De arbeidsmarkt koelt inderdaad lichtjes af (werkloosheid van 4,1 naar 4,2 procent), maar dit is een gradueel proces en verloopt op een ordelijke manier. De Fed zei niet te kunnen spreken van een significante daling of ongerustheid. Ze volgen diverse indicatoren zoals bijvoorbeeld prime-age (leeftijdscategorie 25 tot 64 jaar) of de ontslagcijfers, jobcreaties, de loongroei. Maar ze volgen de markt van dichtbij, zei Powell. Vandaag zien ze de risico’s van zowel de arbeidsmarkt als de inflatie in balans. De Fed is optimistisch over de groei in 2025.

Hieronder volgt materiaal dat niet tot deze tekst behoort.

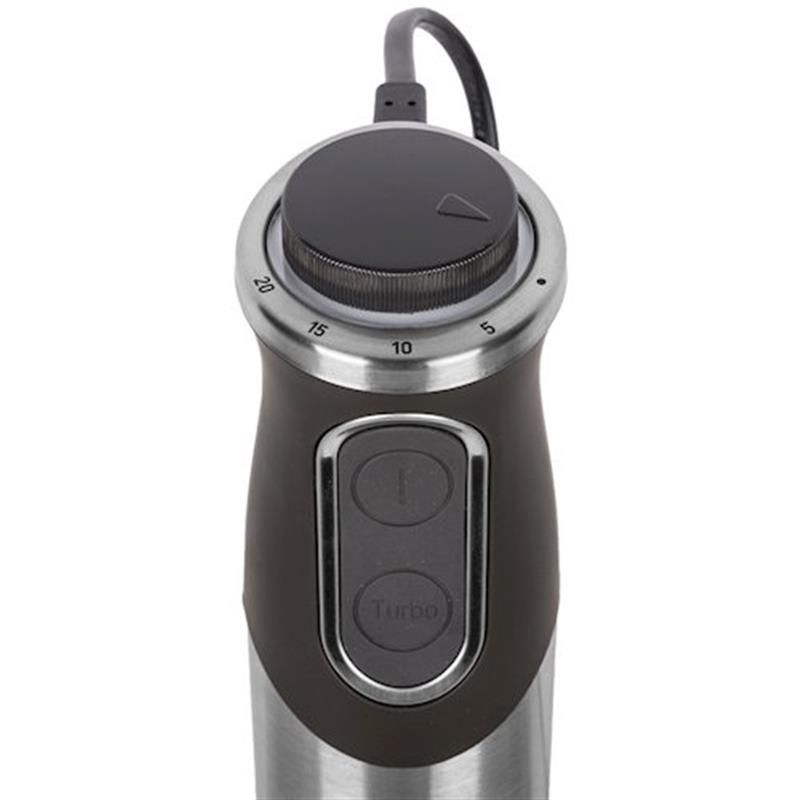 До переваг цієї заглибної моделі, яку можна використовувати і як міксер, належать висока продуктивність, надійність і хороша ергономіка. Прилад підходить для приготування холодних соусів і гарячих супів-пюре. Основні робочі елементи пристрою виконані з якісної нержавіючої сталі. Унікальна технологія лез дає змогу отримувати ідеальну текстуру будь-яких сумішей, а можливість обирати швидкість із 20 доступних режимів гарантує повний контроль над процесом готування.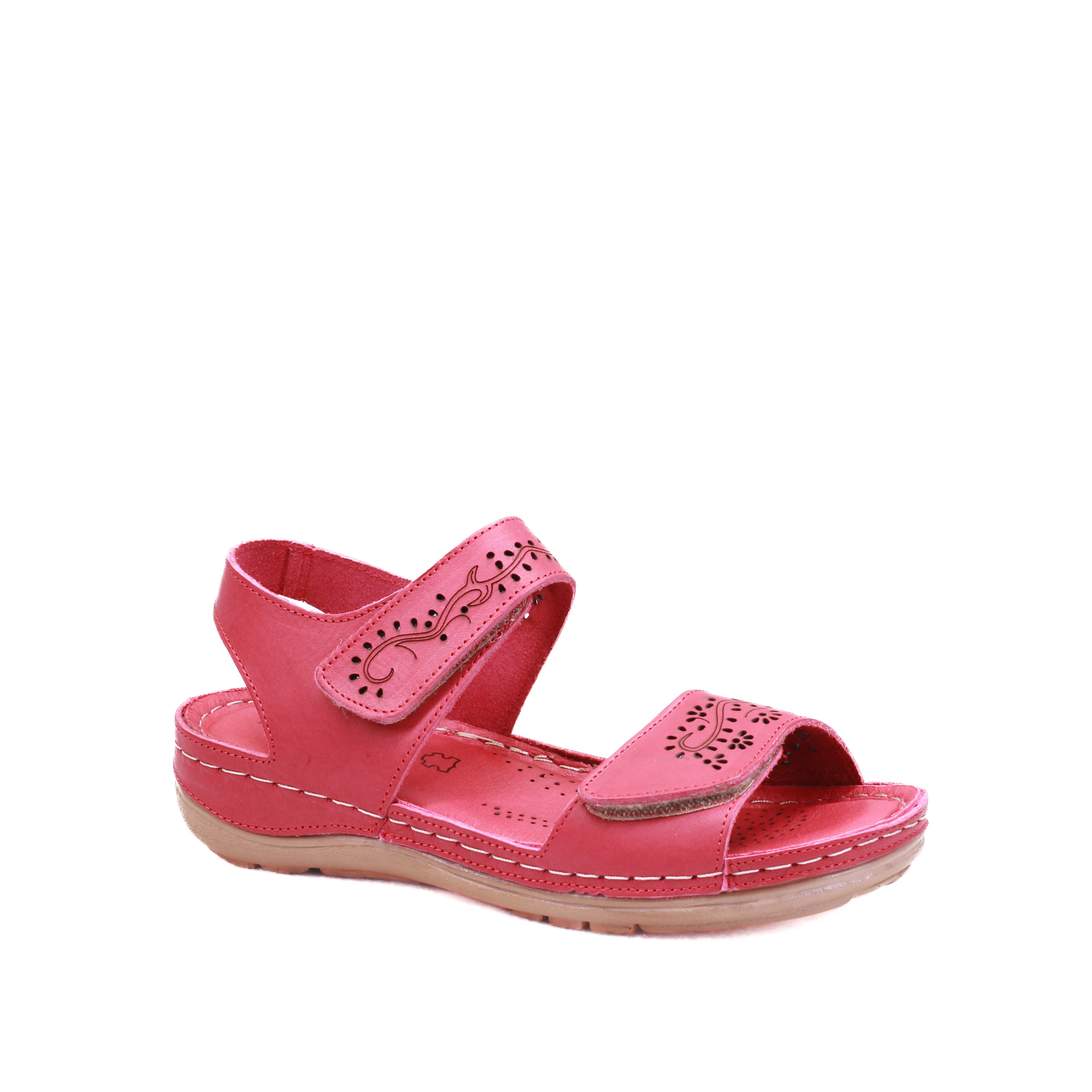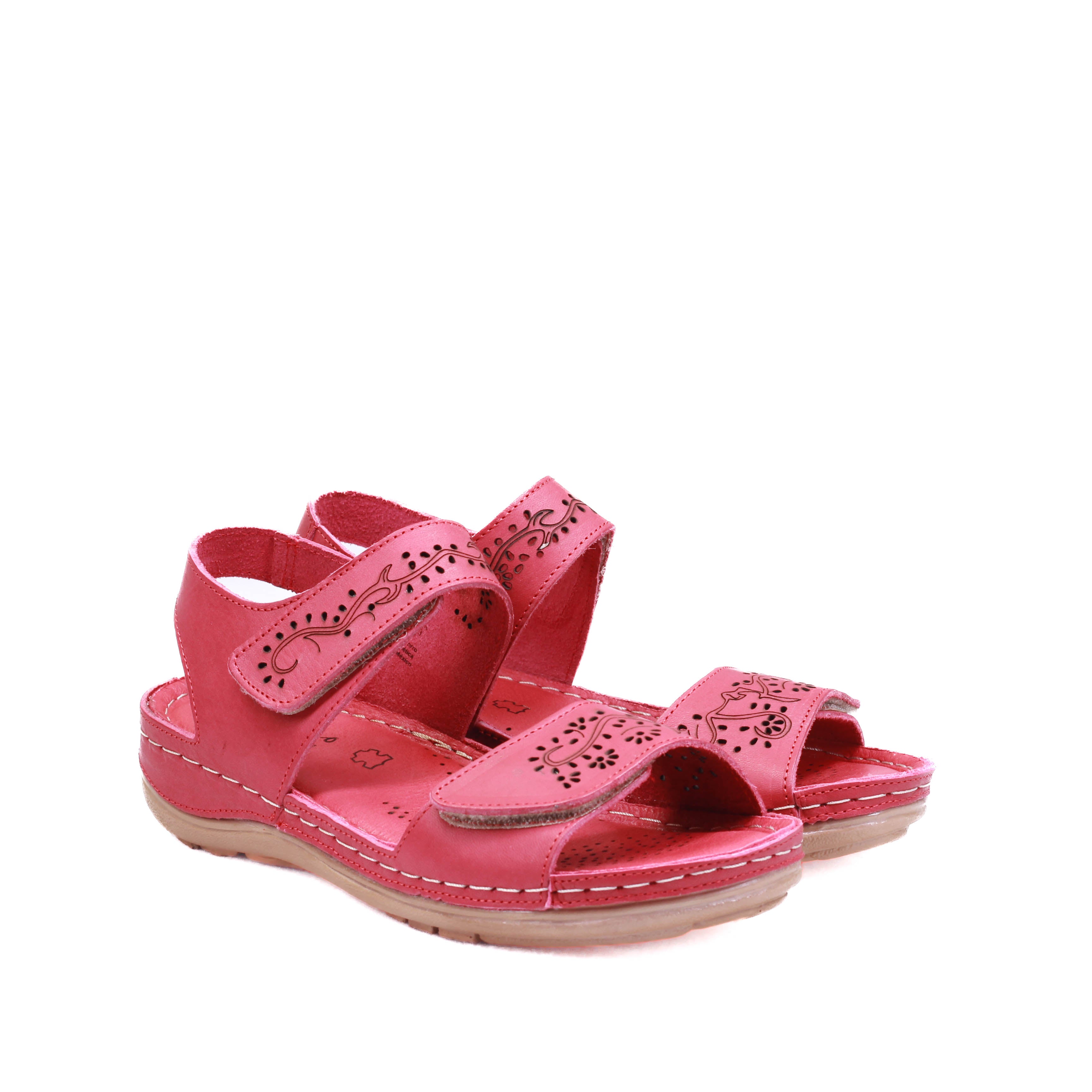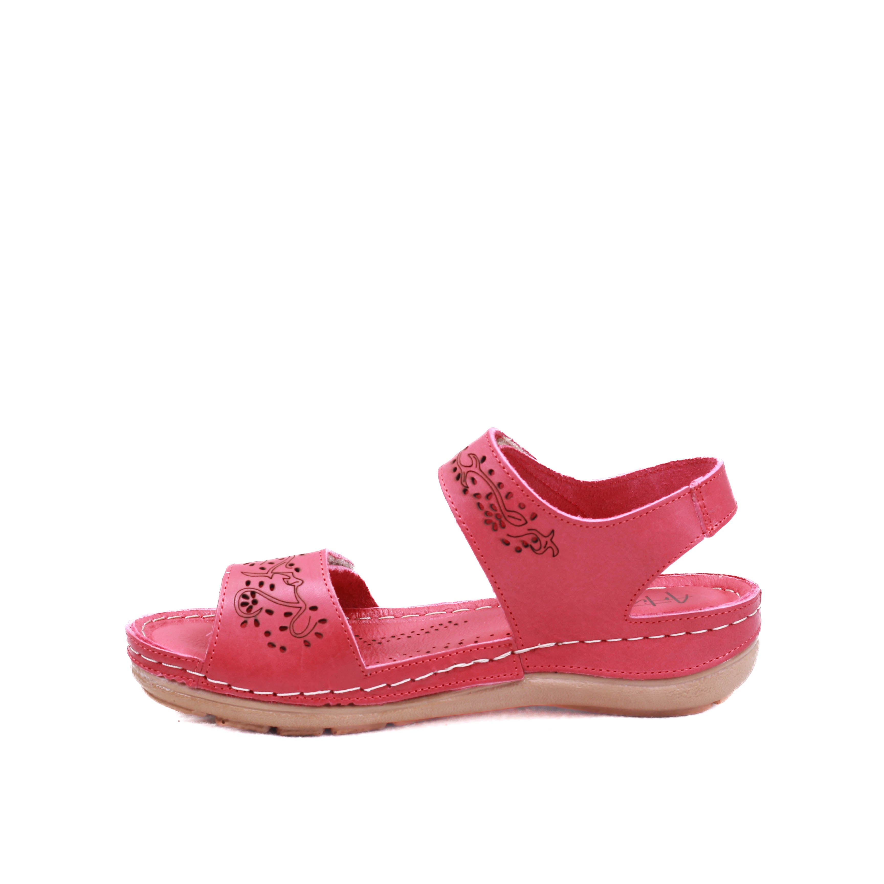 Sandalia para dama marca Tmy en colores camel y rojo. Cuenta con tiras con perforaciones y ajuste con velcro, corte con perforaciones y plantilla de confort. Este tipo de sandalia es especial y refleja mucha originalidad, su plataforma de 4.00 cm de altura te da un confort y suavidad paso a paso.
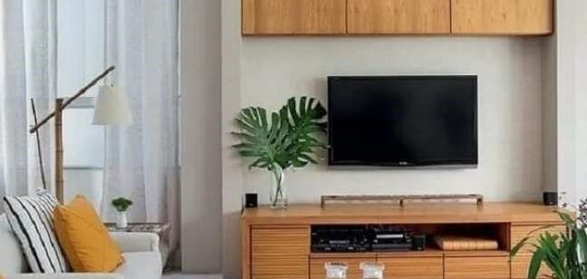 O rack com painel suspenso também é uma opção muito interessante para otimizar o espaço da sala.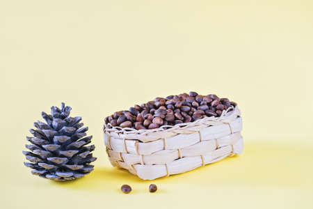 unpeeled cedar nuts in wicker basket next to cone on yellow background. rich in unsaturated fats food for brain boost and heart health. raw food for paleo diet. vegetarian meal plan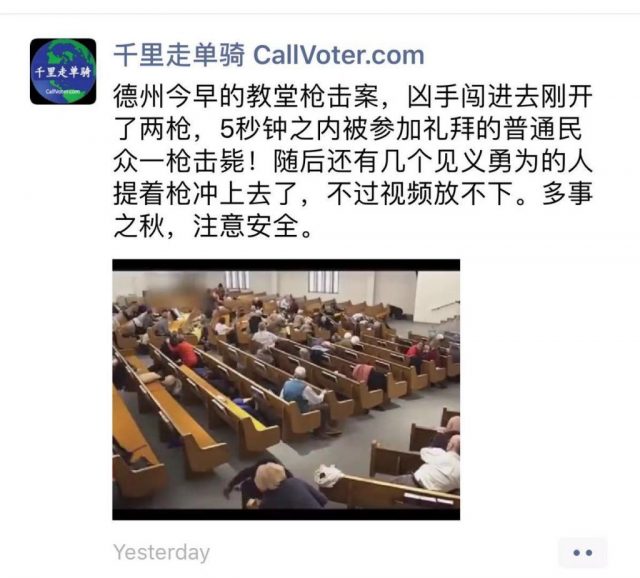 昨天我发了个朋友圈,把老英雄在德州教堂一枪击毙歹徒的视频贴了出来。好么,点赞加回复能有好几百!还有不少网友转发,然后转来转去,又有人当新闻素材 发给了我。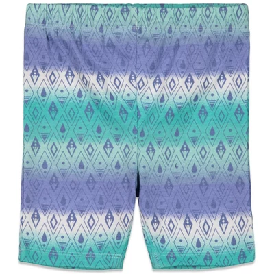 - All over print design; Bike shorts; Fashionable ruffle sleeves; Rib knit crew neck collar; Awesome screen print design; Cute and stylish ruffles by shoulders; Elastic waist for better fit; Pull on closure

g. Waar ziet de Fed de neutrale rente?
De neutrale rente is de rente wanneer vraag en aanbod in evenwicht zijn, de volledige economie in evenwicht is en geen schokken de economie raken. De schokken worden continu opgevolgd en de rente wordt eraan aangepast. Schattingen lopen echter sterk uiteen, afhankelijk van het soort model dat gebruikt wordt (empirisch, theoretisch, combinaties ervan …). De Fed zei het antwoord vandaag niet exact te kennen, wetende dat er lange en variabele tijdvertragingen zijn.
Besluit: remt de Fed te sterk af?
Veel vragen van journalisten toonden hun bezorgdheid over de arbeidsmarkt. Merkbaar is dat ze zich afvragen of de Fed niet te verstrakkend is. Wanneer we echter rekening houden met de daling van 100 basispunten van de kortetermijnrente, de sterke financiële markten, de historisch super lage kredietspreads, etcetera, dan moeten we vandaag rekening houden met een hogere groei en hogere inflatie. Als we de fiscale plannen van Trump er nog bij nemen, is een hogere langetermijnrente de komende maanden niet uit te sluiten.
Ik denk dat de afwachtende houding van de Fed op korte termijn meer dan gerechtvaardigd is!
Jan Vergote is onafhankelijk financieel consultant en analist.